Stock Plugins Documentation

wazo_user

Backend name: wazo_user

Purpose: Authenticate a user created by wazo-auth. These users do not map to telephony users at the moment.

Note that email addresses and usernames are interchangeable: a user can login with a username / password credential or with a email / password credential. As a consequence, a username or an email must be unique among all usernames and emails, in order for wazo-auth to identify a user uniquely. Furthermore, usernames and emails are case-insensitive. This makes it impossible to have a user A with username bob@example.com and a user B with an email address Bob@example.com. In case of conflict, the first user with a matching email address will be logged in.

LDAP

Backend name: ldap_user

Purpose: Authenticate with an LDAP user. In this case, the LDAP server is used to authenticate while wazo-auth is used to identify. This means that an LDAP user must match a user present in wazo-auth.

Note that email addresses and usernames are interchangeable: a user can login with a username / password credential or with a email / password credential. As a consequence, a username or an email must be unique among all usernames and emails, in order for wazo-auth to identify a user uniquely. In case of conflict, the first wazo-auth user with a matching email address will be logged in.

wazo-auth ignores the case of the email addresses on both the LDAP server and on wazo-auth. This means that if we have multiple users that match the email address fetched from the LDAP server, the first user found on wazo-auth's side will be used.

The LDAP backend is configured for each tenant through a wazo-auth REST API endpoint.

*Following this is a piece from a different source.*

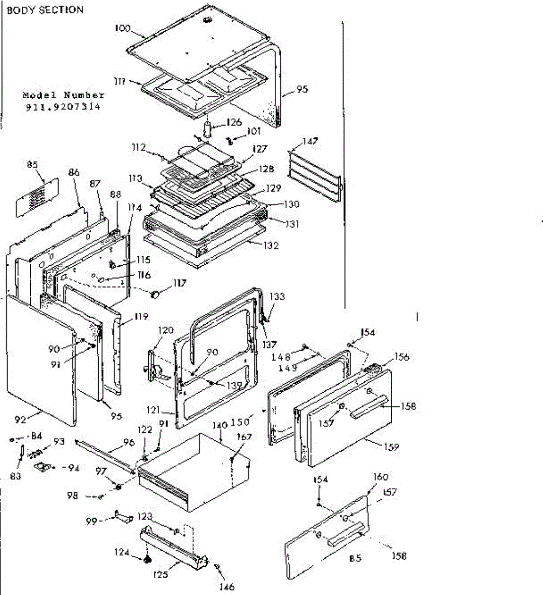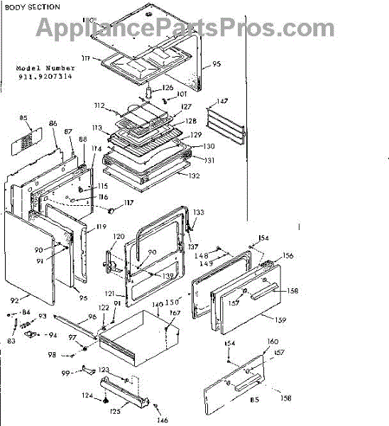 Parts for Kenmore 911.9207314 (9119207314, 911 9207314): Body Section Parts
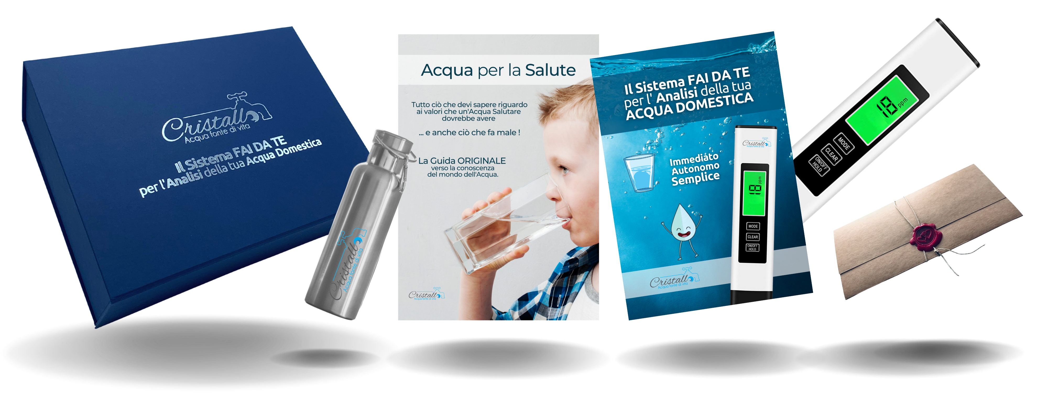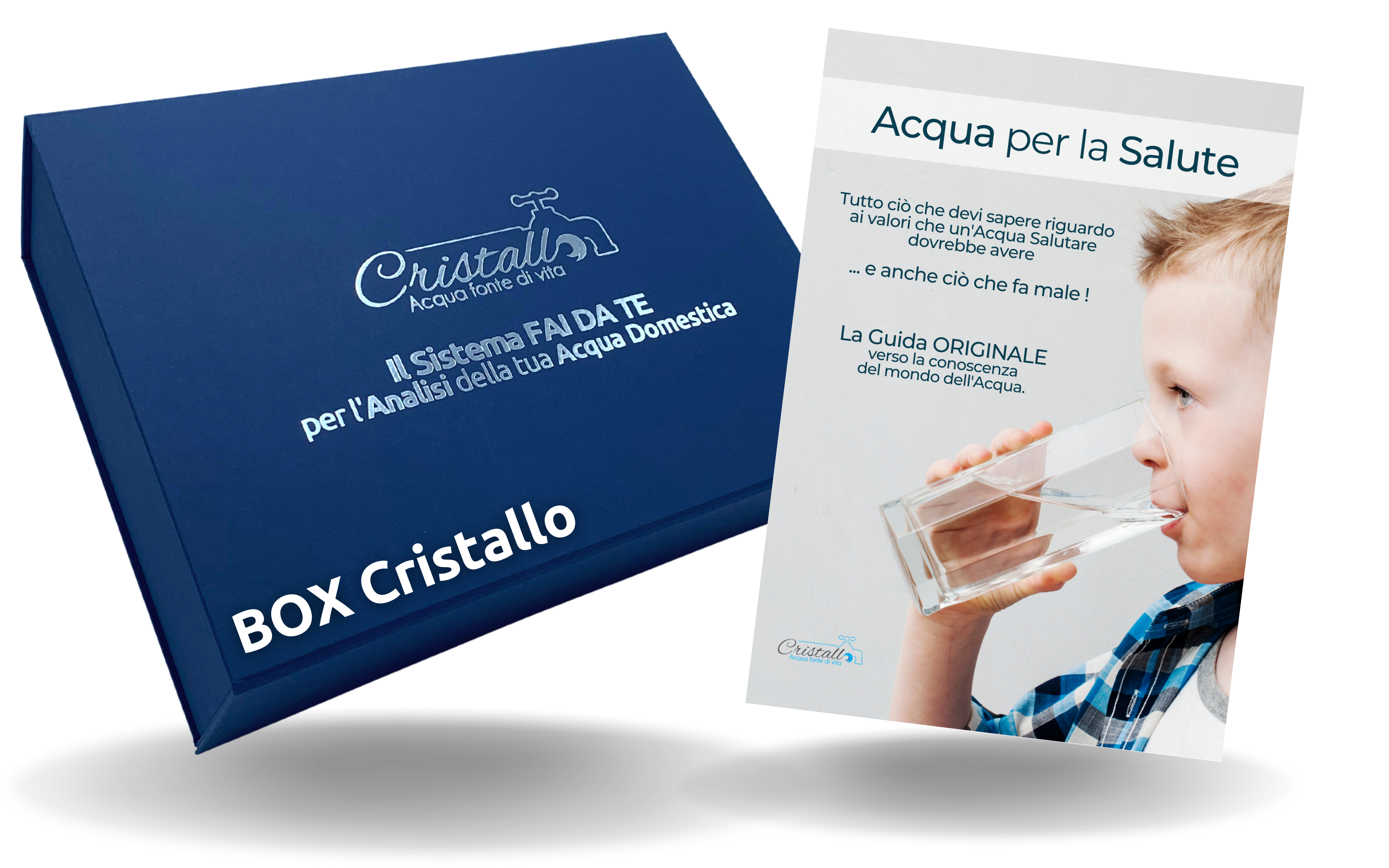 Il BOX Cristallo contiene una serie di materiale, informative e tester che ti guideranno a scoprire in modo estremamente semplice i parametri della tua Acqua

For example, with the given configuration:

{
  "host": "example.org",
  "port": 389,
  "bind_dn": "cn=wazo,dc=example,dc=org",
  "bind_password": "bindpass",
  "user_base_dn": "ou=people,dc=example,dc=org",
  "user_login_attribute": "uid",
  "user_email_attribute": "mail"
}

Service bind authentication flow

When an authentication request is received for username alice, password userpass and a tenant my-tenant, the backend will:

1. The LDAP configuration is searched for the given tenant.
2. Connect to the LDAP server at example.org
3. Do an LDAP "bind" operation with bind DN cn=wazo,dc=example,dc=org and password bindpass
4. Do an LDAP "search" operation to find an LDAP user matching alice, using:
   • the base DN ou=people,dc=example,dc=org
   • the default filter {user_login_attribute}={username}, which in this case gives (uid=alice)
   • a SUBTREE scope
5. If the search returns exactly 1 LDAP user, do an LDAP "bind" operation with the user's DN and the password userpass
6. If the LDAP "bind" operation is successful, search in wazo-auth a user with an email matching the mail attribute of the LDAP user. Since Wazo Platform 22.12, the search will fail if the user in wazo-auth has upper-case characters in the email address.
7. If a wazo-auth user is found, success

No service bind authentication flow

The backend can also work in a "no search" mode, for example with the following configuration:

{
  "host": "example.org",
  "port": 389,
  "protocol_security": null,
  "protocol_version": 3,
  "bind_dn": null,
  "bind_password": null,
  "user_base_dn": "ou=people,dc=example,dc=org",
  "user_login_attribute": "uid",
  "user_email_attribute": "mail"
}

When the server receives the same authentication request as the service bind authentication flow, it will fetch the LDAP configuration for the tenant and directly do an LDAP "bind" operation using the DN uid=alice,ou=people,dc=example,dc=org and password userpass. The flow then continues at step 6.

Note: User's email and voicemail's email are two separate things. This plugin only use the user's email.

Search filters

In the LDAP configuration API, you may have noticed a field named search_filters. This field is only useful when using the service bind authentication flow.

The default filter is {user_login_attribute}={username}. This allows a simple search that matches the user_login_attribute defined in the tenant's LDAP configuration. username comes from the authentication request. In the example above, the search filter variables would be substituted as such: uid=alice.

It is important that the search filter allows for only one result, otherwise wazo-auth will return a 401. It this thus fair to say that the {user_login_attribute}={username} filter should always be in the filter and that any filter must be built upon it.

Of course, using more complex filters is possible and that is exactly why this feature exists. For example, you may want to limit what kind of person can log in to wazo-auth. In our example, consider the objectClass for an end user to be person. We could then use the following filter: (&({user_login_attribute}={username})(objectClass=person)).

Configuration

Each tenant has an LDAP configuration. It is not possible for now to have more than one configured LDAP server (or domain) for a tenant. If you want to do so, it must be done through the LDAP server itself.

Explanation behind the domain_name field

When creating a token using the LDAP backend, it is necessary to provide a domain_name in order to determine the tenant. Once the tenant is determined, the Wazo server can contact the LDAP server configured in the tenant in order to verify the credentials.